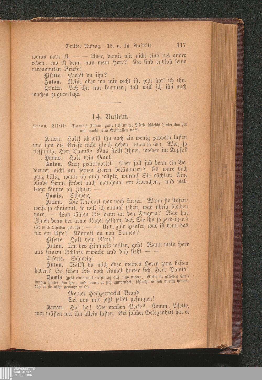 14. Auftritt. Anton. Lisette. Damis (kömmt ganz tiefsinnig; Lisette schleicht hinter[...]
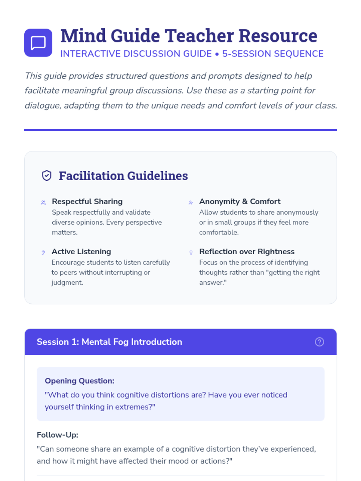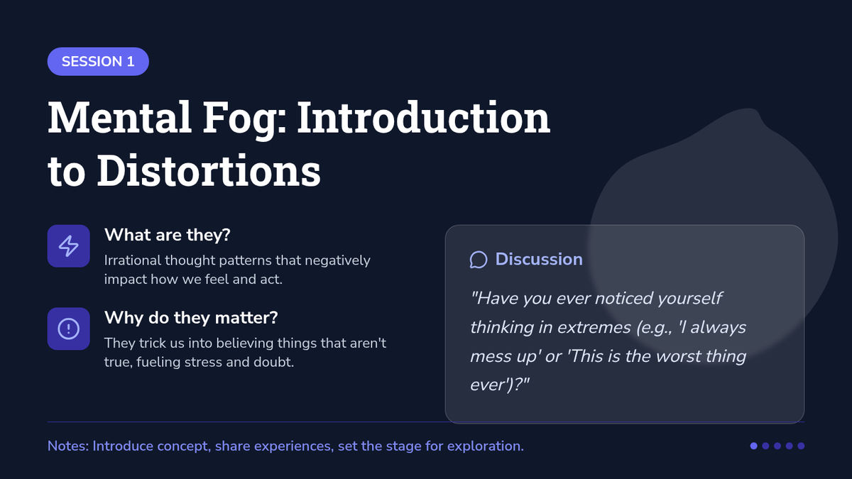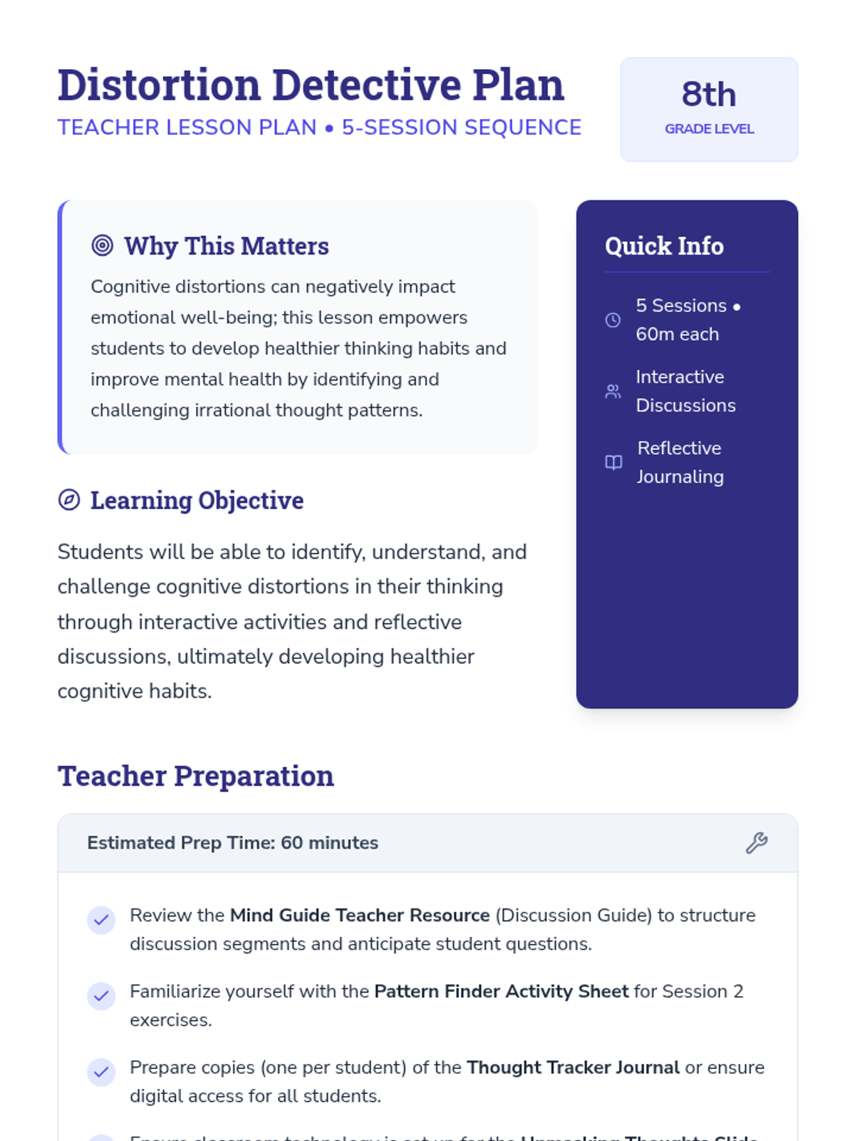 This 5-session sequence for 8th graders focuses on identifying and challenging cognitive distortions, which are irrational thought patterns that can negatively impact mental health. Through interactive activities and discussions, students will learn to recognize these distortions in their own thinking and develop healthier cognitive habits.
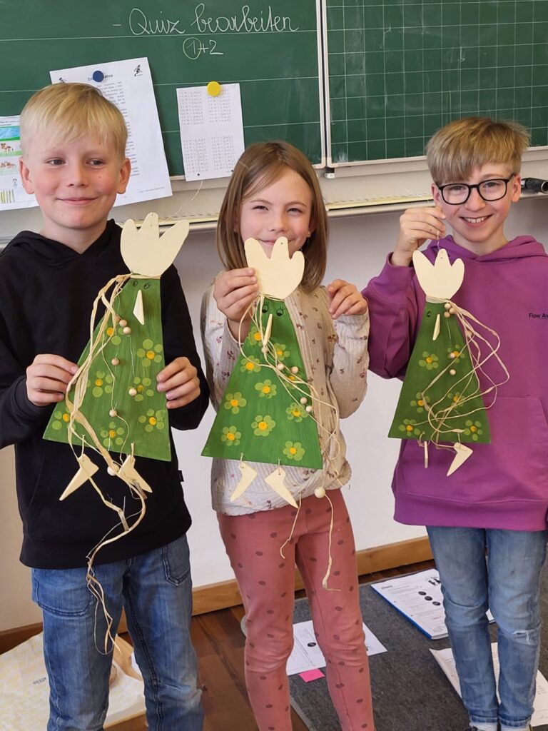 Rechtzeitig vor Ostern sind unsere Hennen aus Holz fertig geworden. Das Aussägen, Schleifen und Verzieren hat uns Spaß gemacht!
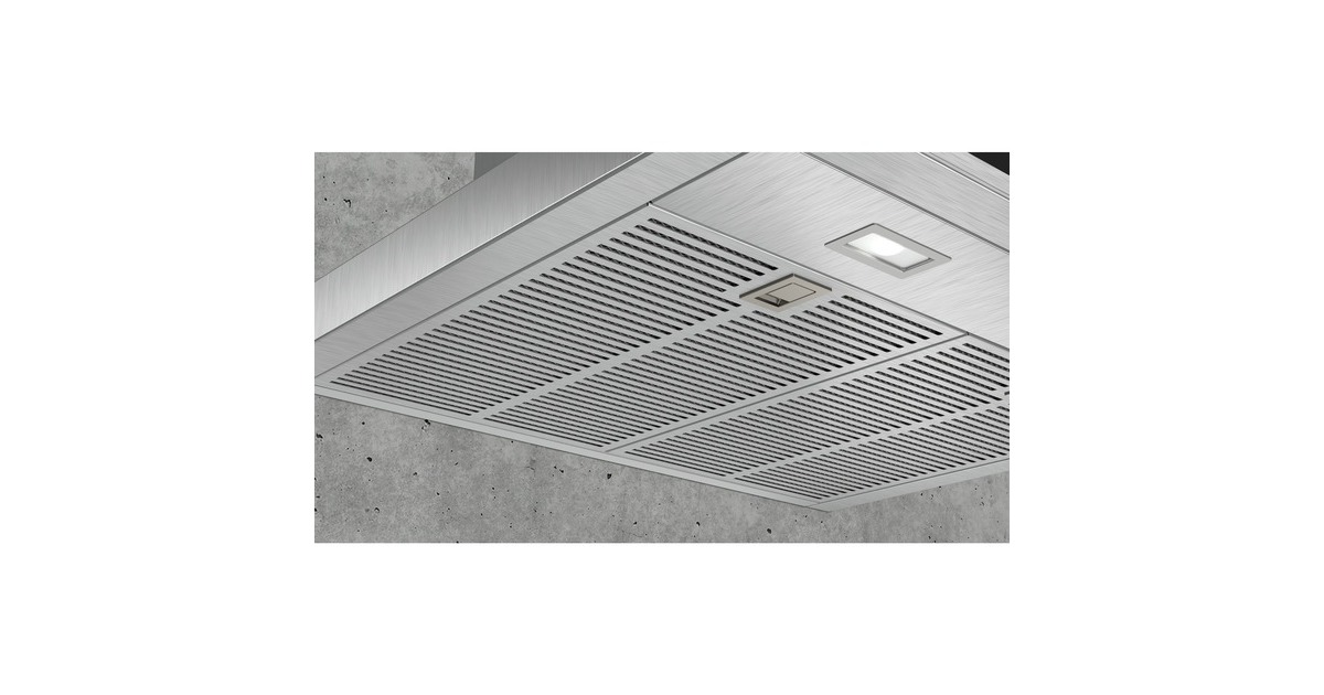 60 cm Wand-Esse; Box-Design; Filterabdeckung aus Edelstahl, gelocht und spülmaschinengeeignet |
▬▬▬▬▬▬▬▬▬▬
THE TASK: Exclude the images and reproduce the remaining data exactly.

FINISHED TASK:
 14. Auftritt. Anton. Lisette. Damis (kömmt ganz tiefsinnig; Lisette schleicht hinter[...]
 This 5-session sequence for 8th graders focuses on identifying and challenging cognitive distortions, which are irrational thought patterns that can negatively impact mental health. Through interactive activities and discussions, students will learn to recognize these distortions in their own thinking and develop healthier cognitive habits.
 Rechtzeitig vor Ostern sind unsere Hennen aus Holz fertig geworden. Das Aussägen, Schleifen und Verzieren hat uns Spaß gemacht!
 60 cm Wand-Esse; Box-Design; Filterabdeckung aus Edelstahl, gelocht und spülmaschinengeeignet |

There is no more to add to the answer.